If you are after a large batch recipe, then this recipe is for you. You will end up with 36-40 coconut chocolate ganache cookie sandwiches. Not into chocolate ganache? Firstly we can’t be friends any more, but more importantly if you don’t sandwich the little suckers together you will end up with around 80 coconut cookies. Making this the perfect big batch recipe for school fetes, entertaining or making them as gifts.
Coconut Chocolate Ganache Cookie Sandwiches
- 340 grams (1 ½ cups) unsalted butter softened
- 180 grams (1 cup) brown sugar packed
- 240 grams (1 cup) caster sugar
- 3 large eggs
- 2 teaspoons vanilla bean paste
- 185 grams (2 cups) desiccated coconut
- 375 grams (2 ½ cups) plain flour
- 2 teaspoons bicarb soda/baking soda
- 1 teaspoon salt
- In a large mixing bowl for your stand mixer place butter, brown sugar and caster sugar. Mix ingredients on a medium speed until creamy.
- On a low speed add eggs one at a time. Mixing well between each addition of egg. Once eggs have been incorporated add vanilla and coconut.
- Mix until ingredients are fully combined.
- Sift flour and bicarb soda/baking soda into a medium size bowl.
- With mixer on a low speed add flour/bicarb mixture to the coconut mixture a third at a time.
- Once combined cover mixture with plastic wrap and chill in the fridge for a least an hour.
- Pre-heat oven 175°C/345°F.
- Line two baking trays with baking paper.
- Roll teaspoon size balls of dough and place on lined baking trays. Place balls 5cms/2 inches apart to leave room for spreading.
- Place trays in the oven on middle shelves and bake for 12 – 15 minutes until cookies are golden.
- Allow cookies to cool on trays for 5 minutes and then transfer to cooling racks to finish cooling.
- Repeat with the remaining dough until all cookies are cooked.
- Once cookies have completely cooled make them into sandwiches with the chocolate ganache.
- If you made the chocolate ganache the day ahead, remove from the fridge and leave to come to room temperature while cookies are cooling. You may want to place the ganache in the microwave for short 10 second bursts, stirring in between to make the ganache easier to pipe or spread.
- Alternatively you can make the ganache while cookies are cooling. Ganache recipe is below.
- Make pairs of cookies, which are the same size and shape.
- Spread or pipe chocolate ganache on to the underside of one of the cookies. Then place its matching cookie on top to make a cookie sandwich.

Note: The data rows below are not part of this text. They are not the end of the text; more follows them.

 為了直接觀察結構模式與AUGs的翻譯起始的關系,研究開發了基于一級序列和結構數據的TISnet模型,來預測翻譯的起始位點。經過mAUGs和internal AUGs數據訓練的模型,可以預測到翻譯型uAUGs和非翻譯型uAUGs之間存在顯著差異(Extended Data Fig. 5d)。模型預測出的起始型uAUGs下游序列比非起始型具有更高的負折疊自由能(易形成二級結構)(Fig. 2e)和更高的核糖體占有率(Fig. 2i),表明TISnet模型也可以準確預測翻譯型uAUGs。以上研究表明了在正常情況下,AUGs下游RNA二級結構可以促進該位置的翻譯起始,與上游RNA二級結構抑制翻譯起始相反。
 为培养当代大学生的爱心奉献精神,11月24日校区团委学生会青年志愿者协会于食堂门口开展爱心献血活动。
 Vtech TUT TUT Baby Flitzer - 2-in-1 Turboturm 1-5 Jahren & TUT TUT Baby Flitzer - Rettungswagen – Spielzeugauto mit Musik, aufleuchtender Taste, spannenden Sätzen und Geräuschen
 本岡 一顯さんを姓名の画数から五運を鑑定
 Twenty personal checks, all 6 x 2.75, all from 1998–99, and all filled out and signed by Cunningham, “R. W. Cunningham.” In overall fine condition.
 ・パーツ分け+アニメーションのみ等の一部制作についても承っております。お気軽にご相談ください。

- Repeat with remaining cookies.
- Store cookies in an airtight container. Depending on the weather either you may wish to store your cookies in the fridge.
- 300 ml (1 ¼ cups) cream single/pouring cream
- 28 grams (2 Tablespoons) butter
- 400 grams (14.1 oz) dark chocolate finely chopped
- In a heavy based saucepan heat cream and butter on a low heat until butter has melted and the cream has warmed.

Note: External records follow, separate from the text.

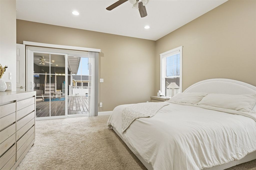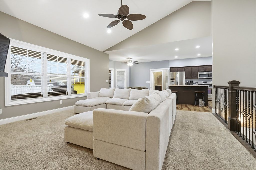 Welcome to this stunning split ranch in desirable Carriage Hills! From the moment you step inside, you'll appreciate the open floor plan and soaring vaulted ceilings. The beautifully appointed kitchen features a large island, granite countertops, and stainless appliances - perfect for everyday living and entertaining alike. The spacious primary suite offers a true retreat: a luxurious bath with separate shower and soaking tub, dual vanities, and a walk-in closet. A sliding glass door opens directly to the large back deck. Two additional bedrooms, a full bath, and first-floor laundry round out the main level. Above the oversized 2-car garage, you'll find a private bedroom and full bath - ideal as a guest suite, teen retreat, or home office. The finished lower level delivers even more with a 5th bedroom, full bath, large family room, gym, and additional unfinished storage space. Outside, enjoy a generous deck and backyard with above-ground pool. PLUS: owned solar panels give you real control over your energy costs. Don't miss this one - versatile, move-in ready, and loaded with space for every lifestyle!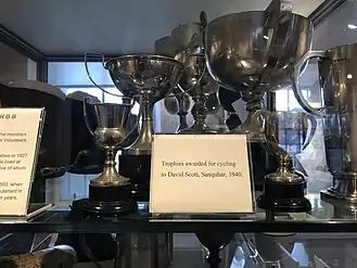 A number of cycling trophies won by Dave Scott are on display in the Sanquhar Tollbooth Museum.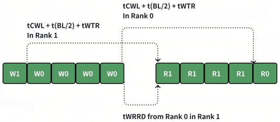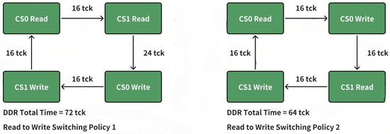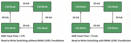 DDR3 does not offer the rank-level switching timing, which could take advantage of the rank-level switching [23,24]. But as LPDDR5, which is the latest DRAM type, this type provides identical constraints to the rank-level timing. Thus, we further calculate the timing difference of it and timing control arbiter difference.
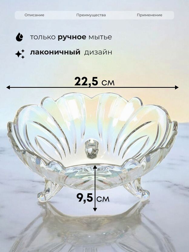 Обратите внимание на материал (стекло не впитывает запахи), размеры (9,5 см высота, 22,5 см диаметр) и отсутствие крышки — это классический вариант для быстрой подачи и хранения фруктов на столе.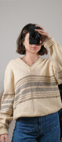 Made in Canada x Vintage x Shetland Wool Striped V-Neck (M/L)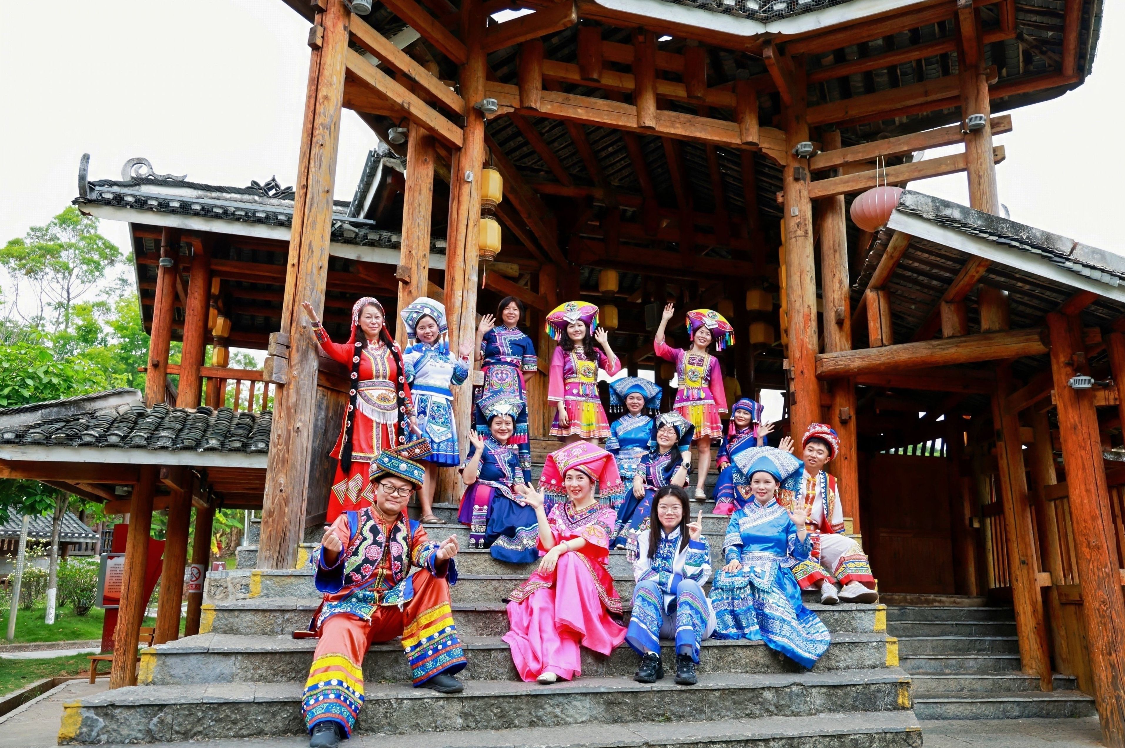 参观结束后,支部在广西民族村风雨桥上召开“树牢正确政绩观 推进中华民族共同体建设”主题座谈会。党支部书记廖东红首先带领大家学习了习近平总书记关于铸牢中华民族共同体意识的重要论述,并结合行政工作实际指出,行政岗位虽不站在讲台一线,但每一项管理服务、每一次师生沟通,都关乎民族团结教育的落地生根。树牢正确政绩观,就是要多做打基础、利长远、促团结的实事,把“中华民族一家亲”的理念融入日常工作的点点滴滴。她希望全体党员在服务育人中当好民族团结的维护者、促进者和践行者。

- Remove saucepan from the heat and add chocolate.
- Stir until the chocolate has completely melted and combined with the cream mixture to make a smooth ganache.
A couple of baking tips
Due to the amount of butter in these cookies they will spread while baking. Make sure you leave plenty of room between each dough ball when placing them on your trays.
I suggest leave more room than you think on your first batch in the oven. Then adjust dough placement with your second batch if there was more than ample room for spreading.
If you do end up with a couple of conjoined twin cookies, it’s not the end of the world. Simply use a knife to cleanly cut them apart before putting them on your cooling rack.
The cookies bake relatively quickly, 12 -15 minutes per batch. But due to the number of cookies you are making, you will be in and out of the kitchen baking for well over an hour. I used two trays at a time and ended up cooking four batches of cookies.
It is also important to note that you need to chill your dough for at least an hour in the fridge before baking. You could make the dough and chill the day before baking, along with the ganache.
Happy baking and I do hope you love this recipe as much as Harley did. Don’t worry she only taste tested the unfilled biscuits. As you know chocolate isn’t good for dogs.